Flocs were visualized using CLSM in combination with different fluorescent dyes12. In brief, flocs were mounted in microscope chamber slides (Thermo Fisher Scientific) and stained. Aleuria aurantia lectin (Vector Laboratories, USA) labeled with Alexa Fluor 633 (Thermo Fisher Scientific, USA) was used to visualize the extracellular polymeric substances (EPS) of the flocs66,67. Bacteria were detected via SybrGreen staining, while algae and cyanobacteria were identified by the autofluorescence of their chlorophyll a or phycobilins, respectively. Imaging was done by a TCS SP5X upright microscope equipped with white laser and water-immersible lens (25x/0.95), controlled by LAS AF version 2.4.1 (Leica, Germany). The filter configurations used for excitation and emission are listed in Supplementary Table 7. Imaris (Bitplane) was used to visualize the images, which were printed by Photoshop (Adobe). Biovolumes of algae, bacteria, cyanobacteria and EPS were semi-quantitatively calculated employing an adaption of ImageJ68.

Statistical analysis

Statistical testing was only conducted for datasets with a minimum sample size of 5 individual replicates. Q-Q plots were used to check for data normality. Bartlett’s test was used to test variance homogeneity prior to one-sided ANOVA (Type II) which was used to compare group means.
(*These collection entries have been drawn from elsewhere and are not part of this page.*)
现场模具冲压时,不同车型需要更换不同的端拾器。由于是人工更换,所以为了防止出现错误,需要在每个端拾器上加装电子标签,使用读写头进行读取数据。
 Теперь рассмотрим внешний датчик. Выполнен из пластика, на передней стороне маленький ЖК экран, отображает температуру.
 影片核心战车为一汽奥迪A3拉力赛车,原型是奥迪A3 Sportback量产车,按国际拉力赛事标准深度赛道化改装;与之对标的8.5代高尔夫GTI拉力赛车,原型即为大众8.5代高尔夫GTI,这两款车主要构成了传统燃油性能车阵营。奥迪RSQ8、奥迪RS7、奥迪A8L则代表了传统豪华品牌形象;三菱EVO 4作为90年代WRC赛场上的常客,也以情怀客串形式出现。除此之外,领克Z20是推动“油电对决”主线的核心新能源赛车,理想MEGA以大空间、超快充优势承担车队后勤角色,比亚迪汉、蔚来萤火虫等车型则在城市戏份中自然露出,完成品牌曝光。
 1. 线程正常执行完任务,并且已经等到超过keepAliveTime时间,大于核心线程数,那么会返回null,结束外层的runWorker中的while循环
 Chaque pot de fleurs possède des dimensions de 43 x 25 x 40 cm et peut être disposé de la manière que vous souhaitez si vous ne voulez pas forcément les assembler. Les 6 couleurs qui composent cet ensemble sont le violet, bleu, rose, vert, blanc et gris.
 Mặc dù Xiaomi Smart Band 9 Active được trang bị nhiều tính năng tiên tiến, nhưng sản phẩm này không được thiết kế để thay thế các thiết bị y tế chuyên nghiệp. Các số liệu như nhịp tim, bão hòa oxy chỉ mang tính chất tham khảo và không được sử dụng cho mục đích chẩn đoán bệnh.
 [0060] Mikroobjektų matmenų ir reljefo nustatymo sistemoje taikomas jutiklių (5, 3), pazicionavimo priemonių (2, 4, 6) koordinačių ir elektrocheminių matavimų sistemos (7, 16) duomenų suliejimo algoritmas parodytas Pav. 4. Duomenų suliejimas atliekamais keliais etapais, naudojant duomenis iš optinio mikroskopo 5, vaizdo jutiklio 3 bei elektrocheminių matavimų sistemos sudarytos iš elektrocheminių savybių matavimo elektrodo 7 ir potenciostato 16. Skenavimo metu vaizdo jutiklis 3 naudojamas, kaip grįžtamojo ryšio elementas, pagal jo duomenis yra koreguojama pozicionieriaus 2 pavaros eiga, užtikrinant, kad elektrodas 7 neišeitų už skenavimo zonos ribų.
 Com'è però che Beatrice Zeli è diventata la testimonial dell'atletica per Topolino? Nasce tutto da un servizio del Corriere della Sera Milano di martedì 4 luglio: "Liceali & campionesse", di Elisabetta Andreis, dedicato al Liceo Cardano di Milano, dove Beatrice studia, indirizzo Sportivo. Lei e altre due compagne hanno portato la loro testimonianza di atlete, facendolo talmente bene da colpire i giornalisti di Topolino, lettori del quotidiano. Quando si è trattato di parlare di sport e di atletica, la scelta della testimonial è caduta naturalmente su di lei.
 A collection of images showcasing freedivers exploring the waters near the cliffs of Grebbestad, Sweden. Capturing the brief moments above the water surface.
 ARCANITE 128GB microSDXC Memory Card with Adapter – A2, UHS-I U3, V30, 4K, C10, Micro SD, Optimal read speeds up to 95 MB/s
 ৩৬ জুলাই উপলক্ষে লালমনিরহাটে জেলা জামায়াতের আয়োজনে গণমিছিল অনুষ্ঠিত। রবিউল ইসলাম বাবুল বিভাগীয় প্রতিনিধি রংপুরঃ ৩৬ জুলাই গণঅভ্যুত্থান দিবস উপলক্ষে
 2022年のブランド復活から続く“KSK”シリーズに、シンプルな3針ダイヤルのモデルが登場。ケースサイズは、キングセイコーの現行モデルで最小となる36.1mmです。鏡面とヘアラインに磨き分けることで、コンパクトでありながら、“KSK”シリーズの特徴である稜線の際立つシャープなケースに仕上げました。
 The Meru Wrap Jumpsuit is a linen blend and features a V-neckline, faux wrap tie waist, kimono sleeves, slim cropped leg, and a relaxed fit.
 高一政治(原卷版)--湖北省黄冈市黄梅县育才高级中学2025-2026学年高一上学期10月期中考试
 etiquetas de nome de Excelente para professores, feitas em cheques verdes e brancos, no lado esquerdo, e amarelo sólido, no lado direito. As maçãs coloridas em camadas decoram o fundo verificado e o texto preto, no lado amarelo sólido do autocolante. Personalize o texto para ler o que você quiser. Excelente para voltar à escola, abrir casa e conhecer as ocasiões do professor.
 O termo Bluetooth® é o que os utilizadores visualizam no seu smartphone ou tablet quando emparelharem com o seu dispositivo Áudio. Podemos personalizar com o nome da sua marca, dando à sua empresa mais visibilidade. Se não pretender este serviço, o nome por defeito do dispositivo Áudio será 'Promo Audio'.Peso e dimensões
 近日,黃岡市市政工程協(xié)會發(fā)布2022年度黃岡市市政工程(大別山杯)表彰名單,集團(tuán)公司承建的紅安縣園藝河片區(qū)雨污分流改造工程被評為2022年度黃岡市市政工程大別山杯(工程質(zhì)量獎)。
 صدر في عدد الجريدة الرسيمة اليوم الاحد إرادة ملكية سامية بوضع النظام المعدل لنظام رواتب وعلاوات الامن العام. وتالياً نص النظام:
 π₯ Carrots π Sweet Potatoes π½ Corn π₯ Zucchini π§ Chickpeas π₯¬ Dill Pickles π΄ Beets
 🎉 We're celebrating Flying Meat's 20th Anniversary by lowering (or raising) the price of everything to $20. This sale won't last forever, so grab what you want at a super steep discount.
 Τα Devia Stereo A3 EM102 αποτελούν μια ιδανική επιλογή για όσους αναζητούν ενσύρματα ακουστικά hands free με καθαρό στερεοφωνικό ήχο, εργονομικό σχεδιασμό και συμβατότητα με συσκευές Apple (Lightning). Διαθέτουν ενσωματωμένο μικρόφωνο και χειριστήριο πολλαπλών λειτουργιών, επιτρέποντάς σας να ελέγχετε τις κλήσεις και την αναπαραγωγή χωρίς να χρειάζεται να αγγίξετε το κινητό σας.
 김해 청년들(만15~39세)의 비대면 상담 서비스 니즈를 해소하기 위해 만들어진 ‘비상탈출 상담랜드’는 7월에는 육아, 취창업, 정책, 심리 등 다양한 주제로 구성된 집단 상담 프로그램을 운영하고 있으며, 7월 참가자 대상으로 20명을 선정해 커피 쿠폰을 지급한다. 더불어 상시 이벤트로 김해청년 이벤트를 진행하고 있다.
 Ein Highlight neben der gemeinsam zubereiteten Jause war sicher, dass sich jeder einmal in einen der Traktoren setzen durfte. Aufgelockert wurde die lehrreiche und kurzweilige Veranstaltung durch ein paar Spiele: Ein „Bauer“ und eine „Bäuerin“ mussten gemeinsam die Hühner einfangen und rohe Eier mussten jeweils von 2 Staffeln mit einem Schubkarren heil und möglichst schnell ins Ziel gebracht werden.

Residual plots were examined to verify the reliability of the ANOVA. Group means were assumed to be significantly different from each other for p < 0.05. Tukey’s post-hoc test was computed for pair-wise comparison. Samples not meeting assumptions of the ANOVA were tested by non-parametric bootstrapping69. The 95% confidence intervals (CI) of median differences of 10,000 bootstrapped samples were reported. Differences in median CI higher or lower than zero were defined as significantly different from each other by 95% chance. Spearman’s rank correlation was used to calculate correlation coefficients. Software R70 was used for all statistical analysis and data visualizations.